Когда журнал Мир Фантастики проводил on-line интервью с писательницей Верой Камшей, большой почитательницей саги Мартина,  ей был задан вопрос с просьбой прокомментировать ранее озвученный тезис:

«Книги Мартина, прежде всего, о личных проблемах и комплексах героев, когда внешние беды и проблемы любого масштаба отступают перед моральными переживаниями и проблемами. В этом смысле Мартин, как ни парадоксально, — наследник и продолжатель традиций русской классической литературы в лице Л. Н. Толстого, Достоевского, Чехова и их последователей. Думаю, и его самого смело можно назвать классиком.»

Ответ последовал следующий…

Вообще удобнее всего раскрыть эту тему для себя самому, перечитав «Войну и мир», «Преступление и наказание», «Братьев Карамазовых», «Палату номер шесть» и «Трудно быть богом», а потом по горячим следам «Песнь льда и пламени». Но раз уж спросили… Попробую объяснить, почему я для себя связала эти направления и эти произведения. Предупреждаю — букв не просто много. Их очень много, потому что сперва придется сказать о том, что называют русской классикой, вернее, о русском критическом реализме от Грибоедова и Гоголя (хотя Николай Васильевич работал и в других направлениях) до Чехова. А потом придется говорить о продолжении этого направления в советский и постсоветский период.

Жил-был Федор Толстой, прозванный Американцем. Одну из его выходок («Я его уже убил») повторил Алва.
Жил-был талантливый музыкант, гениальный драматург, выдающийся дипломат и знаменитый бретер Александр Грибоедов.

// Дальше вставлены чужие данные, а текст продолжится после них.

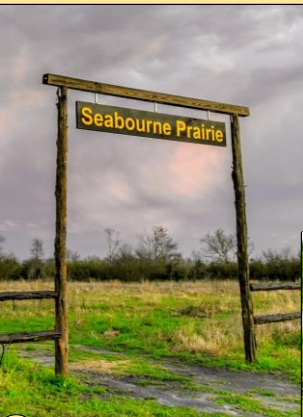
5 Prairie Restoration Area

Американец весьма обиделся на Грибоедова, продернувшего его в «Горе от ума»: «Ночной разбойник, дуэлист, в Камчатку сослан был, вернулся алеутом и крепко на руку нечист». Гиганты встретились. Толстой предъявил претензии. Грибоедов ответил в том смысле, что все верно. Ибо объект передергивает в картишки. «Передергивал, передергиваю и буду передергивать, — согласился Толстой, — но, тебя почитав, чего доброго, вообразят, что я ложки серебряные ворую или вообще взятки беру! Нехорошо!». Грибоедов подумал и согласился, что-таки нехорошо. И тут же исправил на «в картишки крепко он нечист». «Теперь другое дело!» — обрадовался Толстой. Инцидент был исчерпан. Репутация обоих была таковой, что усомниться в смелости фигурантов никому и в голову не пришло.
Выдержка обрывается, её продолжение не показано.